Martín recibió la caja con la palabra VIAGRA impresa en color azul. Al tenerla en sus manos, la fuerza que Martín nunca olvidaría y desearía no volver a experimentar lo orilló a mirar a su izquierda. A lo lejos, la vio. Ella, Raquel. Había presenciado todo. Intentó mantener la mirada hacia ella y poder explicar que la caja en sus manos, con letras de color de un cielo falso, no era para él. Imploró que pertenecería a su padre por sus problemas en los pulmones. Juró que la recetó un médico con la habilidad de ver el futuro y por eso se rió de él antes de ocurrir el incidente. Finalmente, se rindió y sus ojos se fijaron en la salida. Sus palabras no surtieron efecto: recordó que él no poseía habilidades sobrehumanas para transmitir su mensaje al viento sin necesidad de abrir sus labios.

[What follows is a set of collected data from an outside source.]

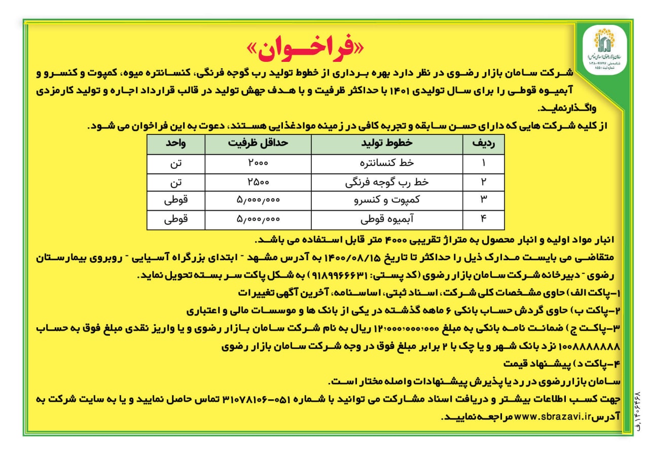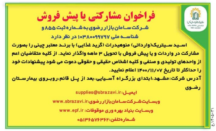 شرکت سامان بازار رضوي به شماره ثبت 855 و شناسه ملي 10380099797 در نظر دارد اسيد سيتريک(وارداتي) منوهيدرات (گريد غذايي) با برند معتبر چيني را بصورت مشارکت در واردات و يا پيش فروش با تحويل 3 ماهه واگذار نمايد. از کليه متقاضيان اعم از واحدهاي توليدي و صنفي و کليه اشخاص حقيقي و حقوقي دعوت مي شود پيشنهادات خود را حداکثر تا تاريخ 07/11/1400 اعلام نماييد.
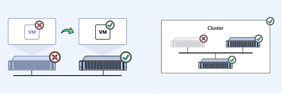 運用コストと設備投資の両方で、大幅なコスト削減を可能にします。物理的な共有ストレージ、インフラ、開発とメンテナンスの負荷を減らし、また通常のハードウェアで動作するため、必要な設備も少なくなります。パフォーマンスと機能
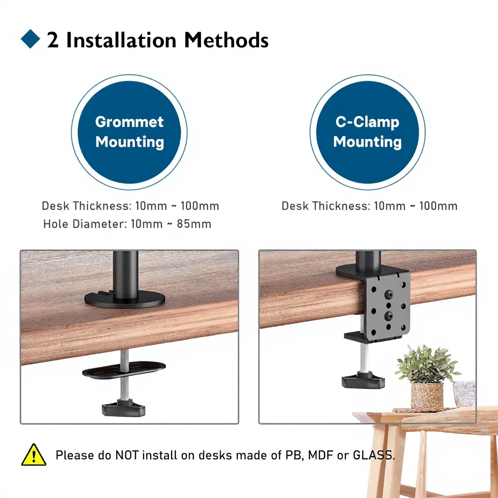 Deux options : pince de table pour bureaux de 10 à 100 mm d’épaisseur, ou montage par percement pour une fixation permanente.
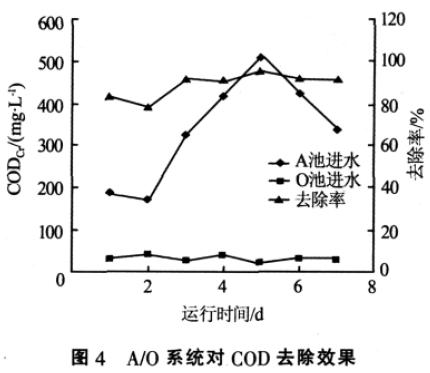 由图4 可知,AF 池出水进入A/O 系统与回流的消化液混合后的COD 在150~500 mg/L 左右,一部分COD 在A 池作为碳源被反硝化细菌利用,剩余部分进入O 池内,通过好氧池内微生物的分解和活性污泥的絮凝作用,使出水COD 降到50 mg/L 以下,A/O 系统对COD 的去除率稳定在70%以上。
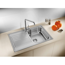 Blanco Tipo 45 S Compact stellt eine funktionale Lösung mit Schwerpunkt auf Platzersparnis ohne Kompromisse beim Komfort dar. Dieses Edelstahlspülbecken mit den Gesamtmaßen 780 × 500 mm ist für die Aufsatzmontage auf der Arbeitsplatte in einem Unterschrank mit einer Breite ab 45 cm vorgesehen.
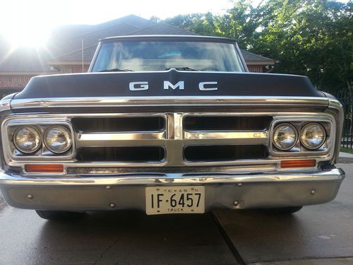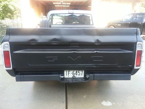 1971 GMC Truck with hand milled pine slats in bed. This truck is in good running condition and attracts car enthusiast everywhere you go. Straight pipes so you will hear her before she arrives! Please e-mail any questions you may have. The only issue (shown in picture) is on one side near the front bumper. The tailgate is not perfect but then again it is the original. Drives side window crank works although it is not the original crank as whoever owned this truck before was pretty handy. This toy has got to go as my new one is on the way! Always garaged unless she comes out for a wash or quick trip to a show. NO RESERVE.
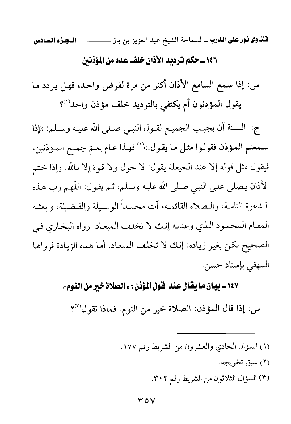 146 - حكم ترديد الأذان خلف عدد من المؤذنين
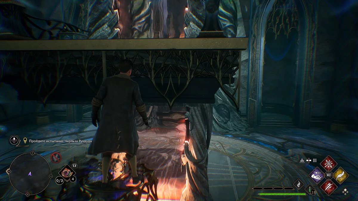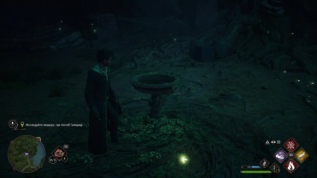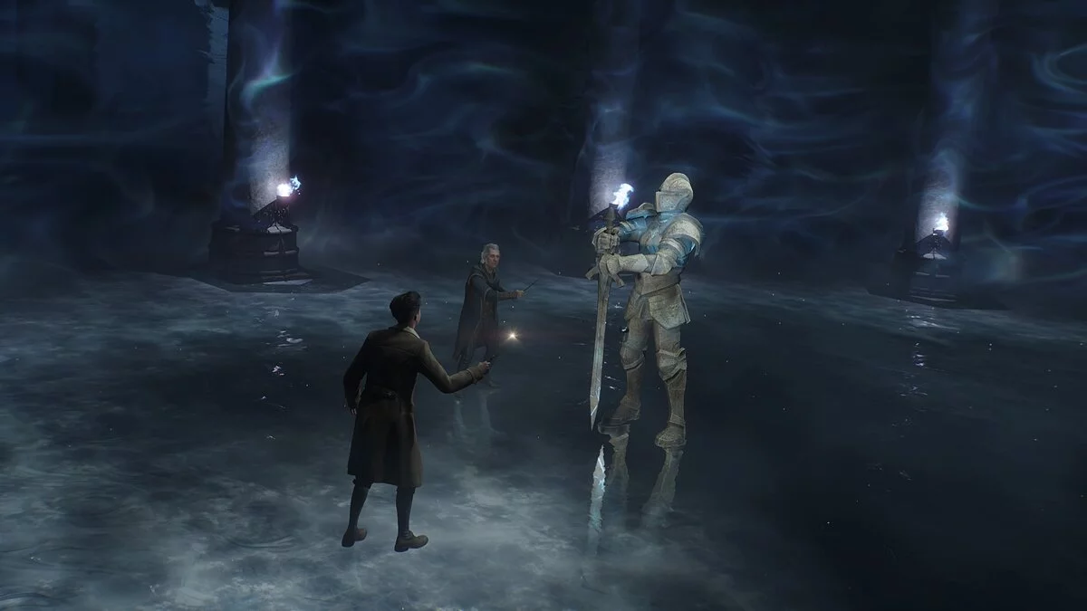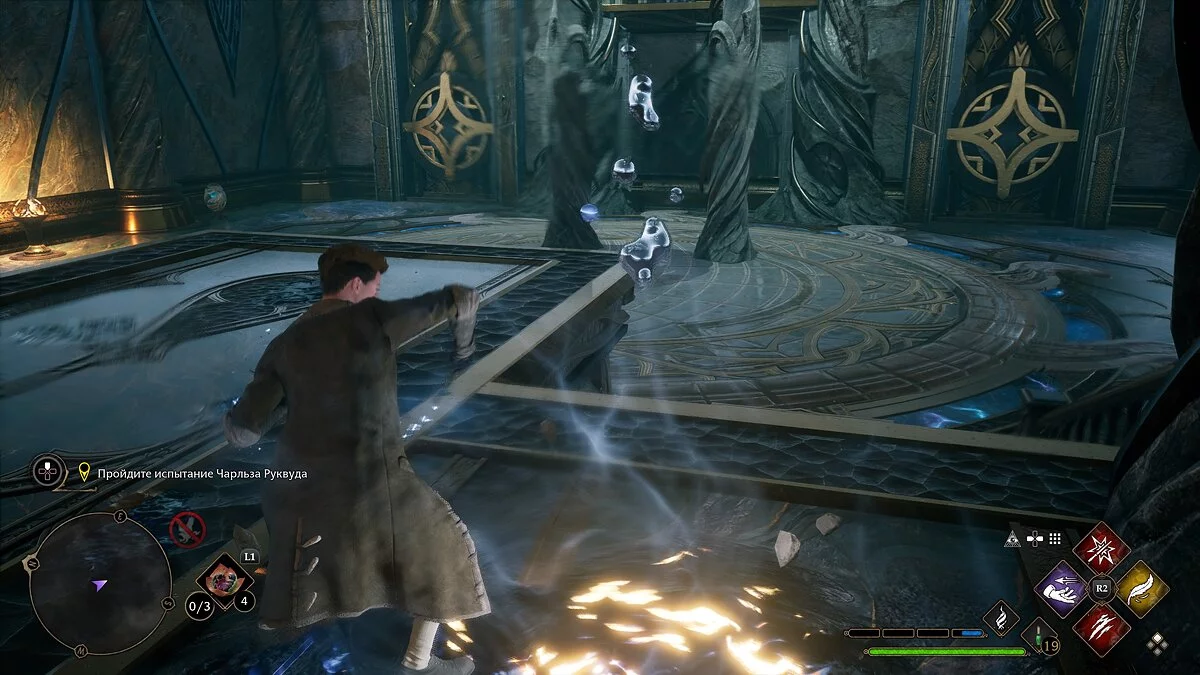 Двигаемся вместе с профессором и находим голубое свечение. Используем Ревелио на рыцаре и активируем Люмос. Вовремя используем протего и сражаемся с каменными рыцарями. Три раза отражаем атаки и используем атакующее заклинание, чтобы добить оставшихся врагов. По огонькам добираемся до ещё одной точки свечения.

Con paso decidido Martín se dirigió a la salida del centro comercial. Marchó en silencio, con la espalda firme y la frente en alto como un héroe preso a punto de ser ejecutado. Caminó a su casa, dejando en el departamento de farmacia al hombre que alguna vez fue: un invencible táctico militar, un soldado discreto, un Casanova irresistible y un genio estratega. Marchó sin mirar atrás, ocultando la angustia de la tormenta inevitable que delante de él se desatará sin misericordia. La podía ver. Se acercaba, lenta, pero al final lo alcanzará. Fue descubierto y por ello lo recordarán; las hazañas, en cambio, serán olvidadas como el mar a los peces en tierra antes de morir.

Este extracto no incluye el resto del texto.